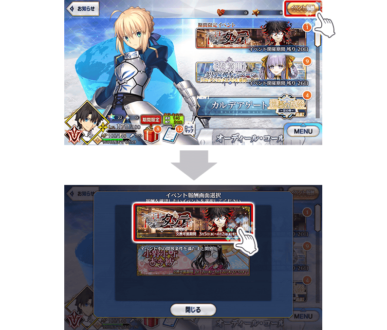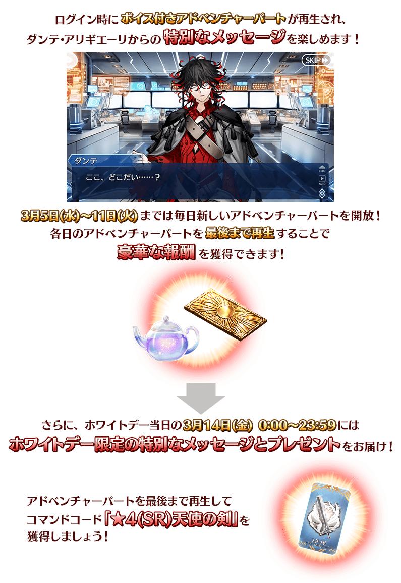 3月5日(水) 20:00~3月14日(金) 23:59までに実施されるダンテ・アリギエーリからのボイス付きアドベンチャーパートでは、アドベンチャーパートの再生が終わった後に報酬を受け取ることができます。
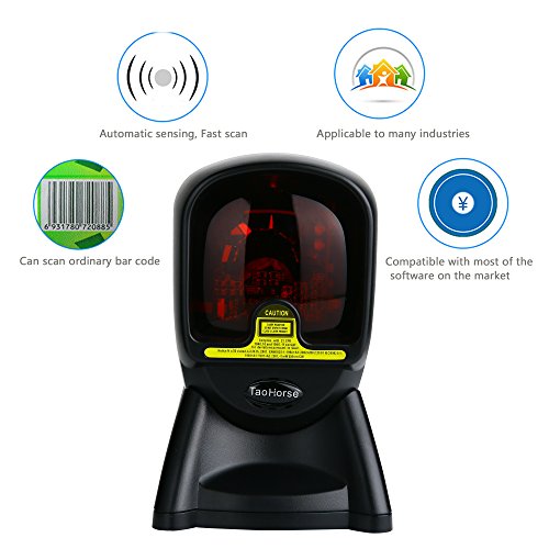 TaoHorse Omnidirectional Barcode Scanner Desktop High Speed 1D Bar Code Reader with Hands Free Adjustable Stand and USB Cable
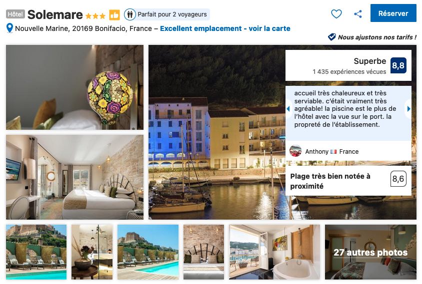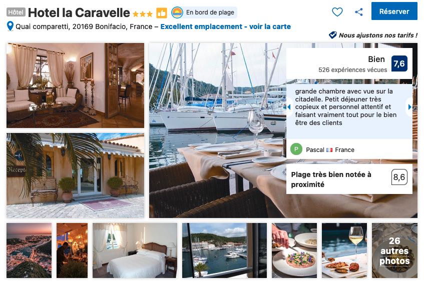 J’attire votre attention sur le fait que les tarifs sont très volatiles, surtout en période de forte affluence, comme pour les autres adresses, je vous conseille la plus grande vigilance et de réserver dès que vous connaissez vos dates de séjour à Bonifacio.
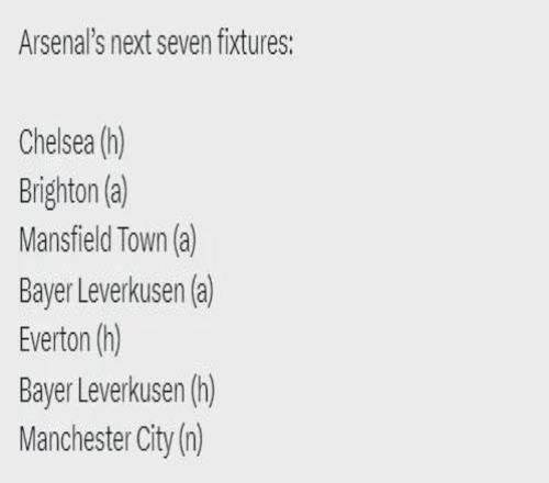 阿森納未來(lái)7場(chǎng)比賽:主戰(zhàn)切爾西、客戰(zhàn)布萊頓、客戰(zhàn)曼斯菲爾德、客戰(zhàn)勒沃庫(kù)森、主戰(zhàn)埃弗頓、主戰(zhàn)勒沃庫(kù)森、聯(lián)賽杯決賽對(duì)曼城 到了這個(gè)時(shí)候,也就無(wú)所謂難易之分了,關(guān)鍵是爭(zhēng)取拿下每場(chǎng)比賽,每一分可能都是爭(zhēng)冠或丟冠的關(guān)鍵,每場(chǎng)比賽可能都左右一個(gè)賽事的成敗。 但還是那句話,相對(duì)來(lái)說(shuō),阿森納的賽程已經(jīng)是非常有利了。 剩余的英超賽事里,阿森納只剩客場(chǎng)布萊頓、狼隊(duì)和曼城需要離開(kāi)倫敦,客場(chǎng)里程是最少的;卡拉寶杯的話,決賽在中立場(chǎng)地(實(shí)際上在倫敦,算半個(gè)主場(chǎng)),沒(méi)啥好說(shuō),而且賽前曼城壓力更大;足總杯的話,對(duì)手是曼斯菲爾德;歐冠的話,上面也說(shuō)了,而且還有隱藏福利……
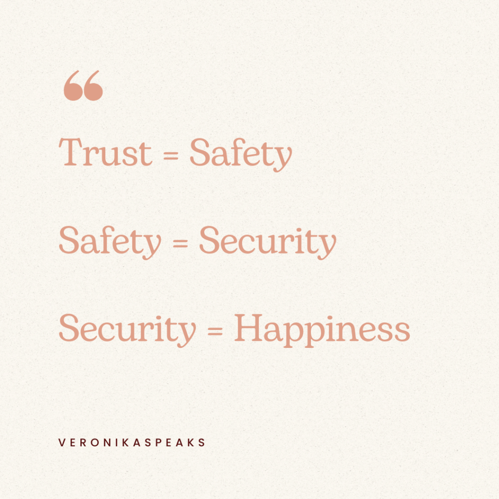 + Trust equals safety, safety equals security, and security equals happiness.
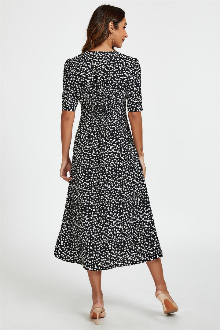 Little – Schwarzes Midikleid mit Blumenmuster und Knopfleiste vorne
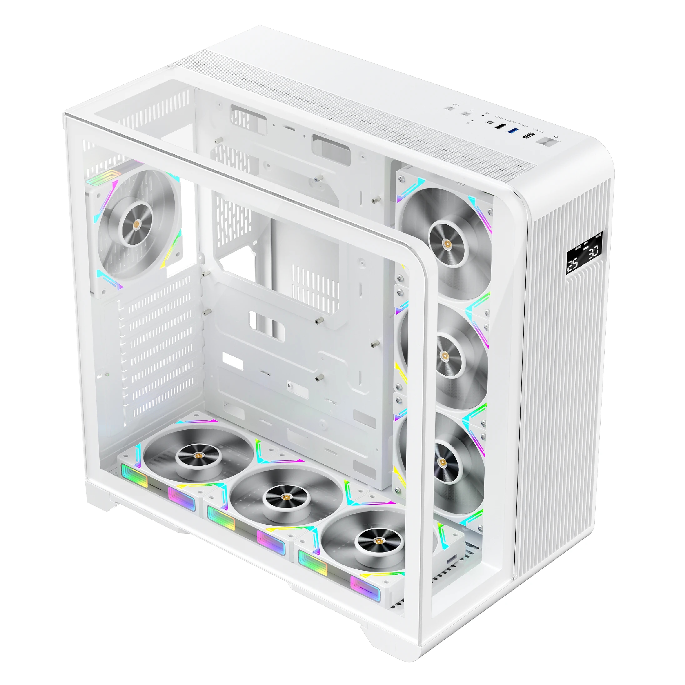 | ДОПЪЛНИТЕЛНИ | Front and top feature intergrated U-shaped tempered glass LED display monitors CPU, memory usage, temperature and frequency Support 360 mm radiator on the right panel Bottom, rear and side ventilation ensures excellent cooling performance Pull-out dust filter at the bottom for easy cleaning and maintainance |
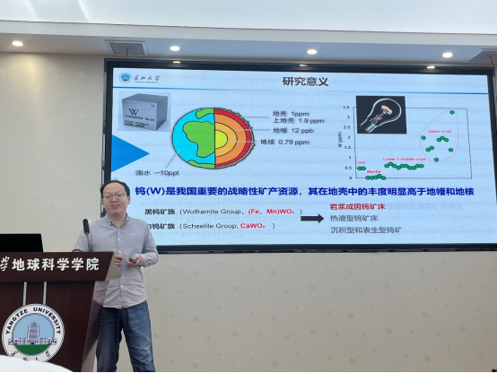 袁禹特任副教授首先回顾了金属稳定同位素的研究现状,并剖析了金属稳定同位素作为一种重要的地球化学工具在解决重大地质问题方面的优势和存在的问题,并重点讨论了当前热门的钨(W)同位素的研究现状、存在的争议及潜在的科学问题。随后,通过以石岛碱性杂岩体为例,精确刻画了岩浆结晶分异过程中不同矿物结晶分异对稳定W同位素分馏的影响。另一方面,通过对比岛弧岩浆和后碰撞岩浆体系W同位素分馏行为的差异,进一步明确了控制W同位素分馏的主要因素。本报告从地球化学的角度为理解战略性矿产W在岩浆体系中富集、迁移和成矿机理提供了新的视角。后续可以将该方法应用于古老的岩石样品,有望为揭示早期地球演化提供新的约束。
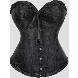 SHEIN Women's Floral Jacquard Ruffle Hem Bustier Crop Top, Bodycon Waist Cincher Corset Top, Suitable For New Year Party, Valentine's Day, Holiday, St. Patr
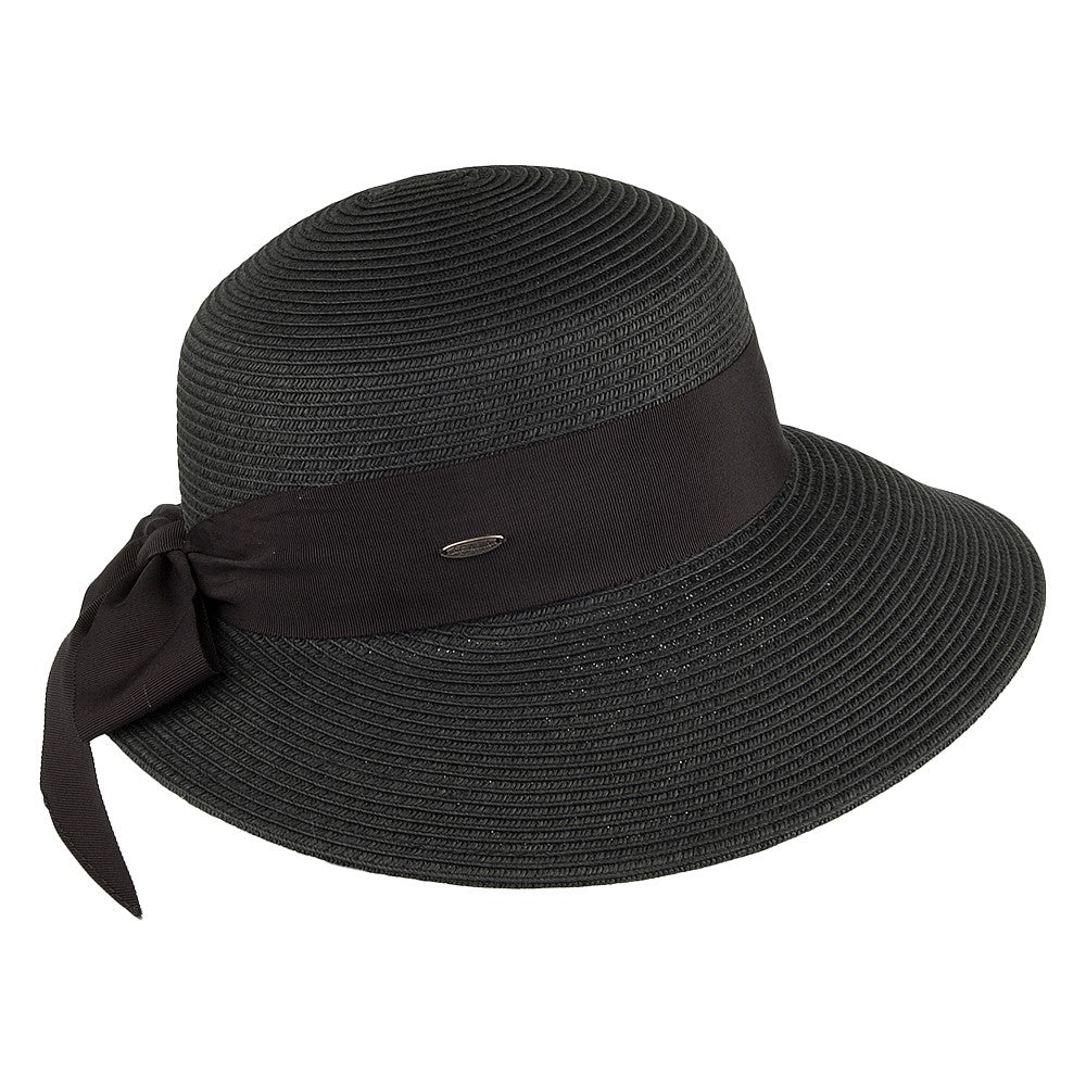 Scala Hats Straw Sun Hat With Grosgrain Bow - Black
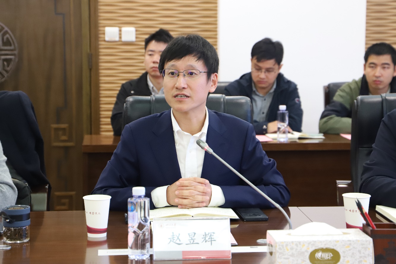 交流座谈会上,学院党委书记赵昱辉代表学院对郑宗强总经理一行来访表示欢迎。期待双方在原有良好合作的基础上,进一步加强产教融合、科教融汇,以人才为本、行业支撑、任务牵引、党建引领,在人才队伍共育、关键技术共研、创新成果共创、党建联建共建等方面深度合作。
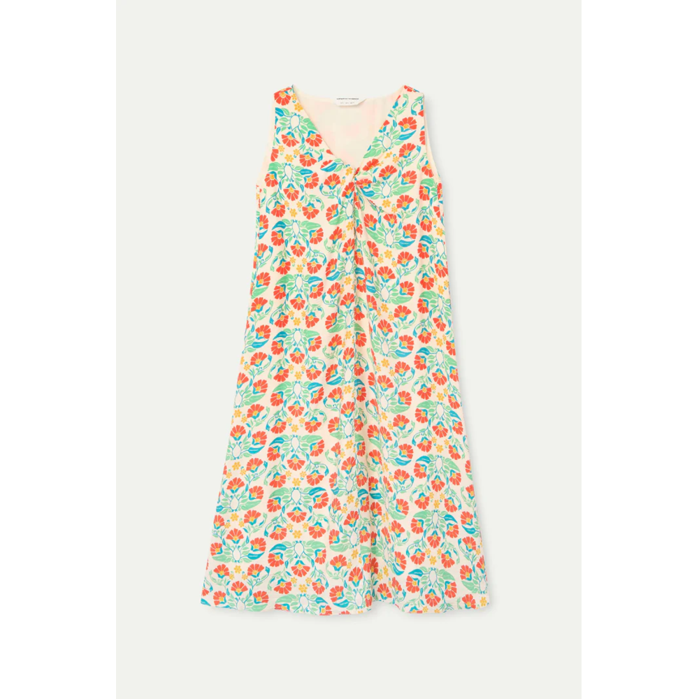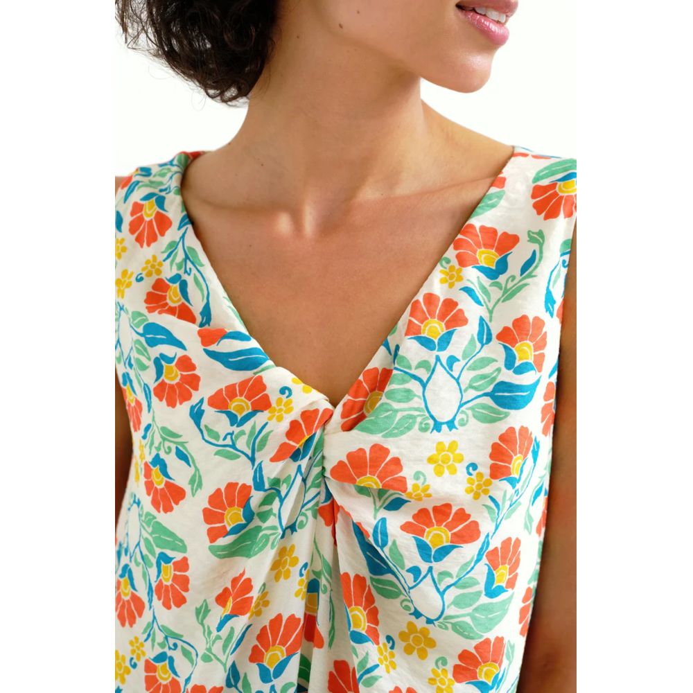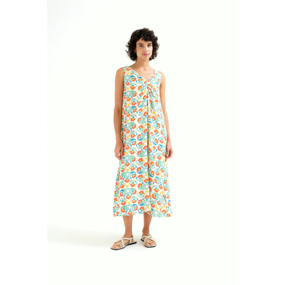 Crepe midi dress with a small royal print. V-neck with a knot twist feature. Sleeveless dress with a flowy fit. The dress is fully lined but is light and cool on even the hottest days!

Your instructions =
Your answer should be the lines from the opening of the records through the line with "Little – Schwarzes", both ends retyped exactly and pictures left out.

Answer space =
 3月5日(水) 20:00~3月14日(金) 23:59までに実施されるダンテ・アリギエーリからのボイス付きアドベンチャーパートでは、アドベンチャーパートの再生が終わった後に報酬を受け取ることができます。
 TaoHorse Omnidirectional Barcode Scanner Desktop High Speed 1D Bar Code Reader with Hands Free Adjustable Stand and USB Cable
 J’attire votre attention sur le fait que les tarifs sont très volatiles, surtout en période de forte affluence, comme pour les autres adresses, je vous conseille la plus grande vigilance et de réserver dès que vous connaissez vos dates de séjour à Bonifacio.
 阿森納未來(lái)7場(chǎng)比賽:主戰(zhàn)切爾西、客戰(zhàn)布萊頓、客戰(zhàn)曼斯菲爾德、客戰(zhàn)勒沃庫(kù)森、主戰(zhàn)埃弗頓、主戰(zhàn)勒沃庫(kù)森、聯(lián)賽杯決賽對(duì)曼城 到了這個(gè)時(shí)候,也就無(wú)所謂難易之分了,關(guān)鍵是爭(zhēng)取拿下每場(chǎng)比賽,每一分可能都是爭(zhēng)冠或丟冠的關(guān)鍵,每場(chǎng)比賽可能都左右一個(gè)賽事的成敗。 但還是那句話,相對(duì)來(lái)說(shuō),阿森納的賽程已經(jīng)是非常有利了。 剩余的英超賽事里,阿森納只剩客場(chǎng)布萊頓、狼隊(duì)和曼城需要離開(kāi)倫敦,客場(chǎng)里程是最少的;卡拉寶杯的話,決賽在中立場(chǎng)地(實(shí)際上在倫敦,算半個(gè)主場(chǎng)),沒(méi)啥好說(shuō),而且賽前曼城壓力更大;足總杯的話,對(duì)手是曼斯菲爾德;歐冠的話,上面也說(shuō)了,而且還有隱藏福利……
 + Trust equals safety, safety equals security, and security equals happiness.
 Little – Schwarzes Midikleid mit Blumenmuster und Knopfleiste vorne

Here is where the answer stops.